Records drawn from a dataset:
^^^^^^^^

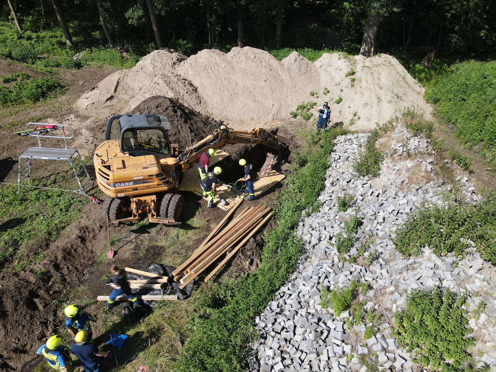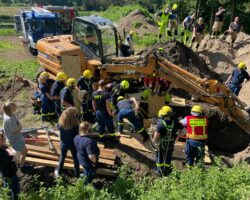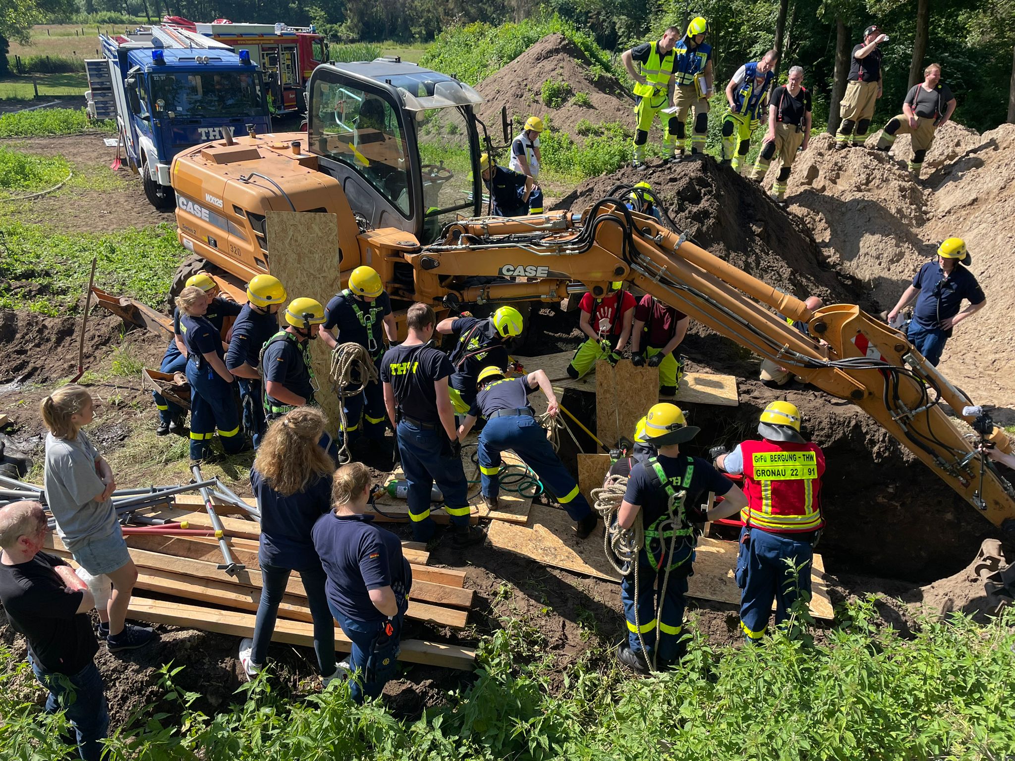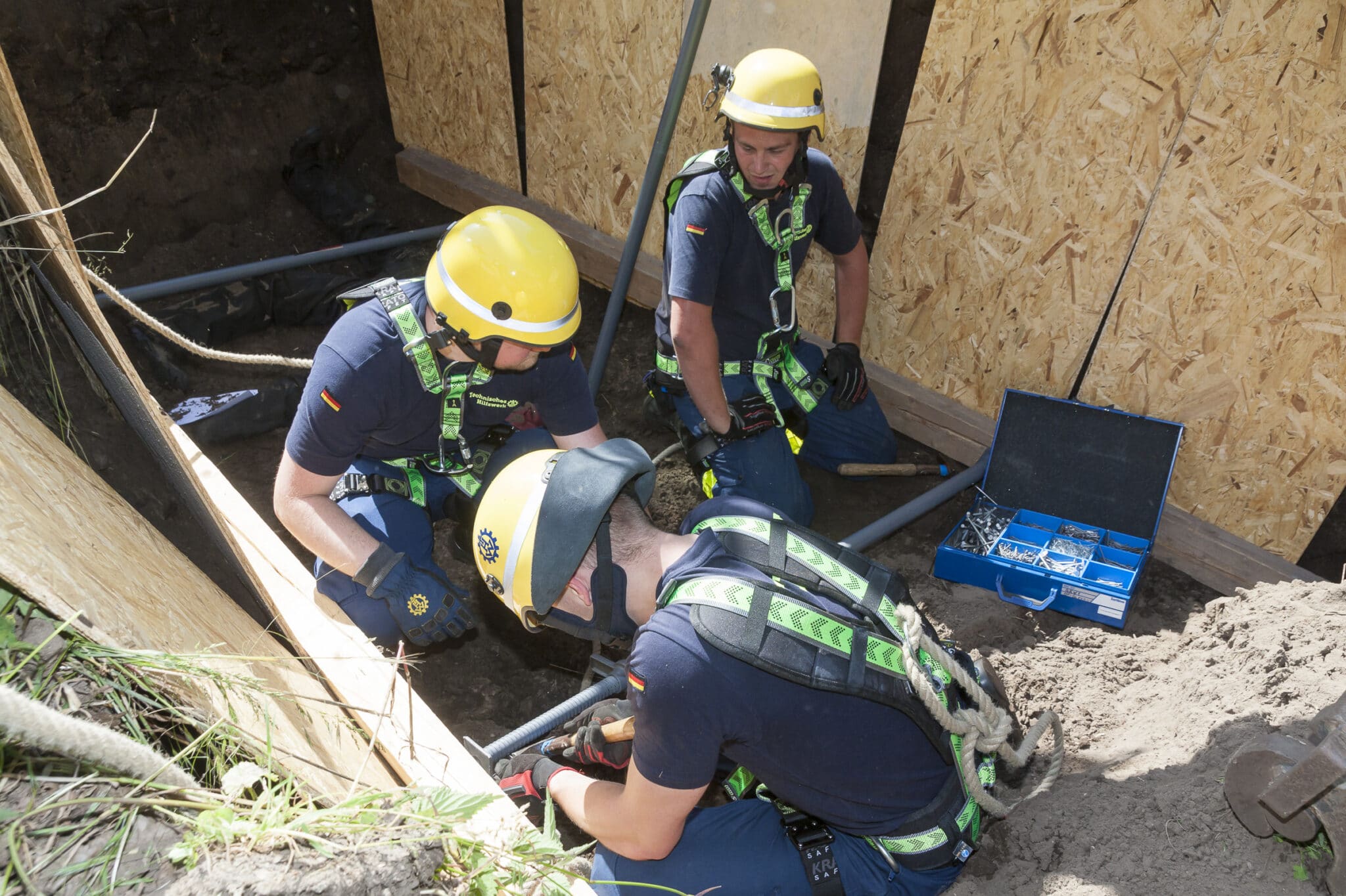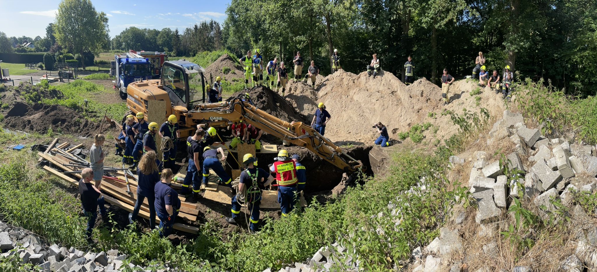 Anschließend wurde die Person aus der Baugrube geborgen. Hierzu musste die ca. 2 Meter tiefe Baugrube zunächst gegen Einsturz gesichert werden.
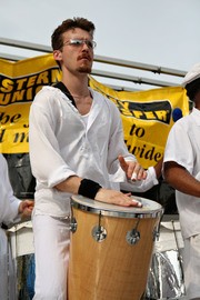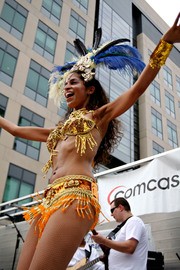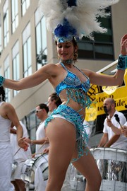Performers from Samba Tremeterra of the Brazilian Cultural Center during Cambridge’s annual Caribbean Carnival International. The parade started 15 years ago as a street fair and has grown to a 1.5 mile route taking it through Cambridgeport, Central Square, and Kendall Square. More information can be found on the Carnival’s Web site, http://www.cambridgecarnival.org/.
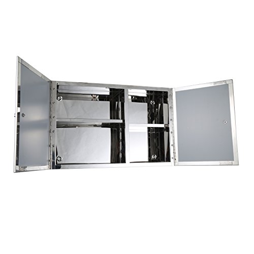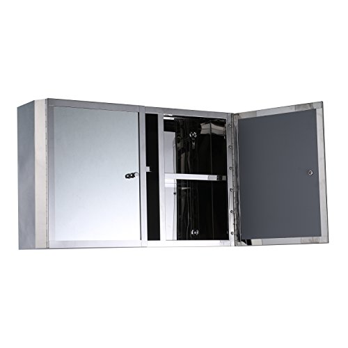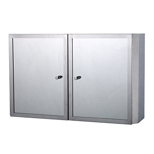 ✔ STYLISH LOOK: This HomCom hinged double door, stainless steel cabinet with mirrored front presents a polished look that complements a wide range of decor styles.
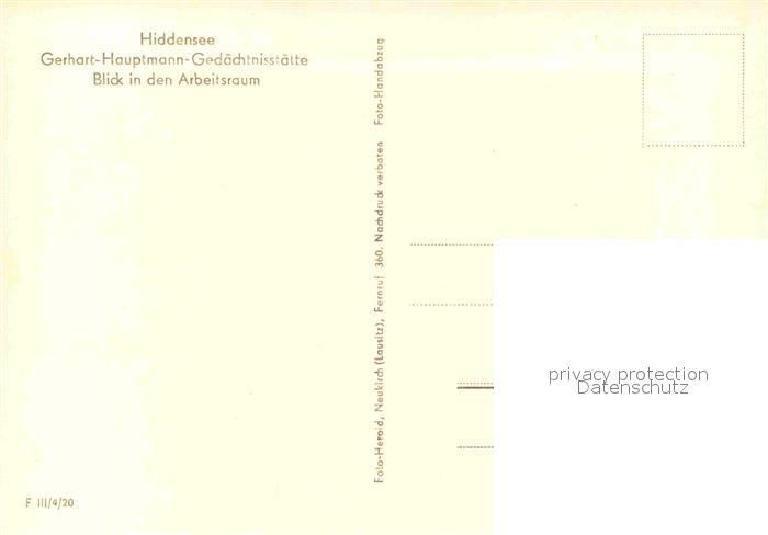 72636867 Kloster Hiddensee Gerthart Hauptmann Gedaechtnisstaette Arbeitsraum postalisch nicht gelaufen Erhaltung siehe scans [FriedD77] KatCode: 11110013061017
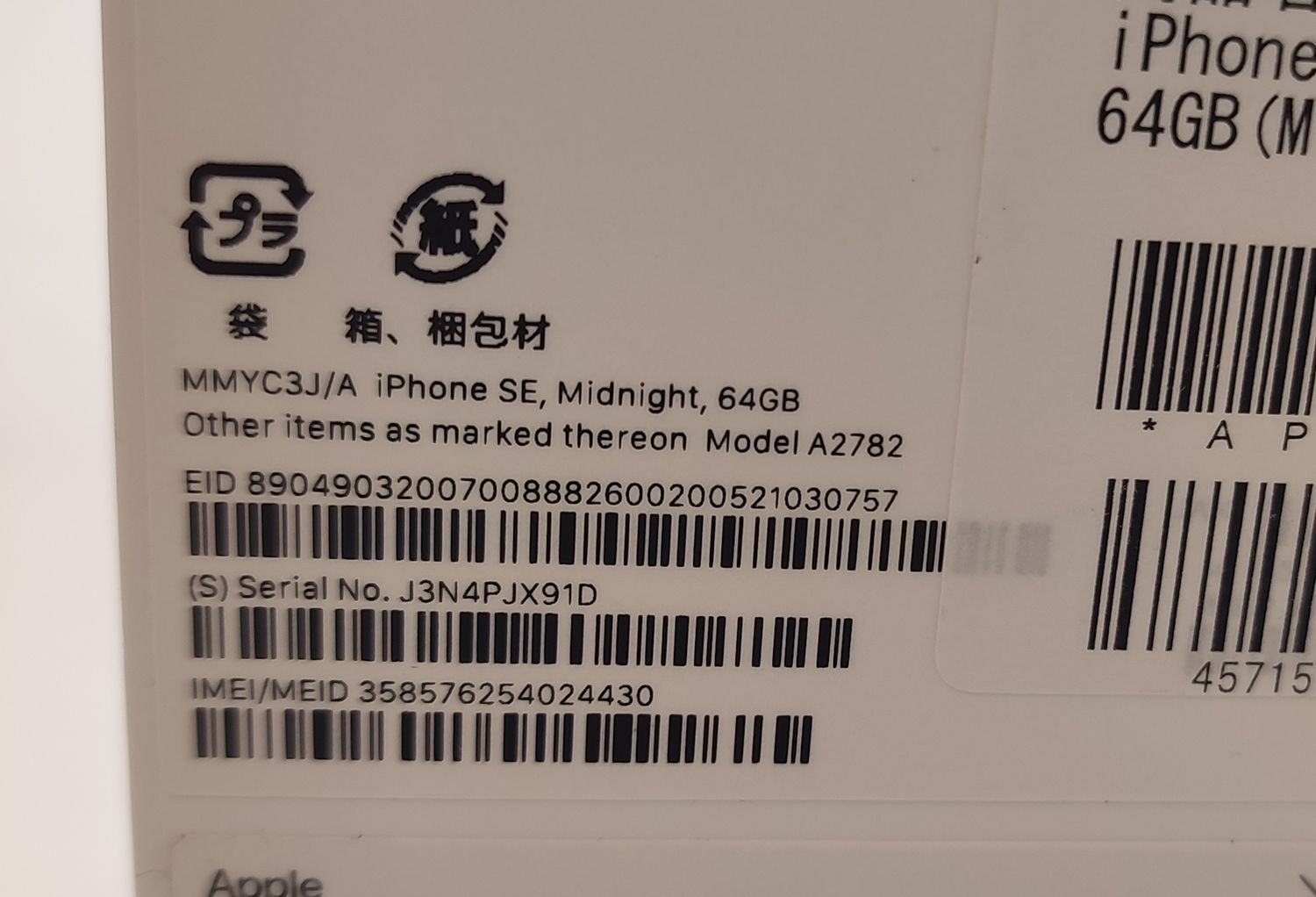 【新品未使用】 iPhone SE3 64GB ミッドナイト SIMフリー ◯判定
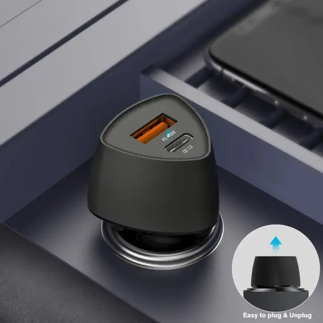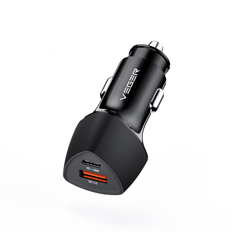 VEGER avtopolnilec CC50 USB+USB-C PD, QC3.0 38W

^^^^^^^^

Problem to solve.
Leaving the pictures out, give back each line above exactly.

Expected output.
 Anschließend wurde die Person aus der Baugrube geborgen. Hierzu musste die ca. 2 Meter tiefe Baugrube zunächst gegen Einsturz gesichert werden.
Performers from Samba Tremeterra of the Brazilian Cultural Center during Cambridge’s annual Caribbean Carnival International. The parade started 15 years ago as a street fair and has grown to a 1.5 mile route taking it through Cambridgeport, Central Square, and Kendall Square. More information can be found on the Carnival’s Web site, http://www.cambridgecarnival.org/.
 ✔ STYLISH LOOK: This HomCom hinged double door, stainless steel cabinet with mirrored front presents a polished look that complements a wide range of decor styles.
 72636867 Kloster Hiddensee Gerthart Hauptmann Gedaechtnisstaette Arbeitsraum postalisch nicht gelaufen Erhaltung siehe scans [FriedD77] KatCode: 11110013061017
 【新品未使用】 iPhone SE3 64GB ミッドナイト SIMフリー ◯判定
 VEGER avtopolnilec CC50 USB+USB-C PD, QC3.0 38W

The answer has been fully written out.